Ceph offers a great solution for object-based storage to manage large amounts of data even on economical hardware. In addition, the Ceph Foundation is organized as a direct fund under the Linux Foundation.
Monitoring Ceph is crucial for maintaining the health of your disk provider, as well as keeping the cluster’s quorum.
How to enable Prometheus monitoring for Ceph
If you deployed Ceph with Rook, you won’t have to do anything else. Prometheus is already enabled and the pod is annotated, so Prometheus will gather the metrics automatically.
However, if you didn’t deploy Ceph with Rook, there are a couple of additional steps.
Enable Prometheus monitoring
Use this command to enable Prometheus in your Ceph storage cluster. It enables an endpoint returning Prometheus metrics.
ceph mgr module enable prometheus
Please note that you’ll need to restart the Prometheus manager module to completely enable Prometheus after doing this.
Annotate Ceph pods with Prometheus metrics
Add these annotations to ceph-mgr
deployment so Prometheus service discovery can automatically detect your Ceph metrics endpoint.
annotations: prometheus.io/scrape: 'true' prometheus.io/port: '9283'📀 Learn how easy it is to monitor Ceph with #Prometheus, and identify the top key metrics you need to look at 🤓 📈 Click to tweet
The Golden Signals
The Golden Signals are a reduced set of metrics that offer a wide view of a service from a user or consumer perspective, so you can detect potential problems that might be directly affecting the behavior of the application.
The four Golden Signals are errors, latency, saturation and traffic.
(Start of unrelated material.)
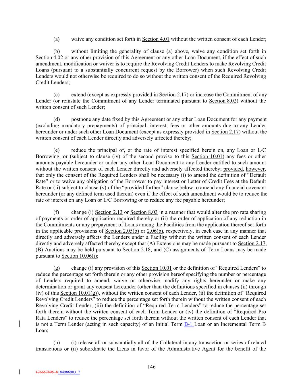 (a) waive any condition set forth in Section 4.01 without the written consent of each Lender; (b) without limiting the generality of clause (a) above, waive any condition set forth in Section 4.02 or any other provision of this Agreement or any other Loan Document, if the effect of such amendment, modification or waiver is to require the Revolving Credit Lenders to make Revolving Credit Loans (pursuant to a substantially concurrent request by the Borrower) when such Revolving Credit Lenders would not otherwise be required to do so without the written consent of the Required Revolving Credit Lenders; (c) extend (except as expressly provided in Section 2.17) or increase the Commitment of any Lender (or reinstate the Commitment of any Lender terminated pursuant to Section 8.02) without the written consent of such Lender; (d) postpone any date fixed by this Agreement or any other Loan Document for any payment (excluding mandatory prepayments) of principal, interest, fees or other amounts due to any Lender hereunder or under such other Loan Document (except as expressly provided in Section 2.17) without the written consent of each Lender directly and adversely affected thereby; (e) reduce the principal of, or the rate of interest specified herein on, any Loan or L/C Borrowing, or (subject to clause (iv) of the second proviso to this Section 10.01) any fees or other amounts payable hereunder or under any other Loan Document to any Lender entitled to such amount without the written consent of each Lender directly and adversely affected thereby; provided, however, that only the consent of the Required Lenders shall be necessary (i) to amend the definition of “Default Rate” or to waive any obligation of the Borrower to pay interest or Letter of Credit Fees at the Default Rate or (ii) subject to clause (v) of the “provided further” clause below to amend any financial covenant hereunder (or any defined term used therein) even if the effect of such amendment would be to reduce the rate of interest on any Loan or L/C Borrowing or to reduce any fee payable hereunder; (f) change (i) Section 2.13 or Section 8.03 in a manner that would alter the pro rata sharing of payments or order of application required thereby or (ii) the order of application of any reduction in the Commitments or any prepayment of Loans among the Facilities from the application thereof set forth in the applicable provisions of Section 2.05(b) or 2.06(b), respectively, in each case in any manner that directly and adversely affects the Lenders under a Facility without the written consent of each Lender directly and adversely affected thereby except that (A) Extensions may be made pursuant to Section 2.17, (B) Auctions may be held pursuant to Section 2.18, and (C) assignments of Term Loans may be made pursuant to Section 10.06(i); (g) change (i) any provision of this Section 10.01 or the definition of “Required Lenders” to reduce the percentage set forth therein or any other provision hereof specifying the number or percentage of Lenders required to amend, waive or otherwise modify any rights hereunder or make any determination or grant any consent hereunder (other than the definitions specified in clauses (ii) through (iv) of this Section 10.01(g)), without the written consent of each Lender, (ii) the definition of “Required Revolving Credit Lenders” to reduce the percentage set forth therein without the written consent of each Revolving Credit Lender, (iii) the definition of “Required Term Lenders” to reduce the percentage set forth therein without the written consent of each Term Lender or (iv) the definition of “Required Pro Rata Lenders” to reduce the percentage set forth therein without the written consent of each Lender that is not a Term Lender (acting in such capacity) of an Initial Term B-1 Loan or an Incremental Term B Loan; (h) (i) release all or substantially all of the Collateral in any transaction or series of related transactions or (ii) subordinate the Liens in favor of the Administrative Agent for the benefit of the 146 176657895_8184986903_7

If you want to read more about them, you can check our Golden Signals monitoring guide.
Monitoring Ceph errors
Ceph status
The absolute Top 1 metric you should check is ceph_health_status
. If this metric doesn’t exist or it returns something different from 1
, the cluster is having critical issues.
Let’s create an alert to be aware of this situation:
absent(ceph_health_status == 1)
Cluster remaining storage
As in all systems where you use disks, you need to check the remaining available storage. To check this, you can use ceph_cluster_total_bytes
to get the total disk capacity (in bytes) and ceph_cluster_total_used_bytes
to get the disk usage (in bytes).
Let’s create a PromQL query to alert when the space left is under 15% of the total disk space:
(ceph_cluster_total_bytes-ceph_cluster_total_used_bytes)/ceph_cluster_total_bytes < 0.15
Object Storage Daemon nodes down
Object Storage Daemon (OSD) is responsible for storing objects on a local file system and providing access to them over the network. There’s an OSD in each node. If an OSD goes down, you won’t have access to the physical disks mounted on that node.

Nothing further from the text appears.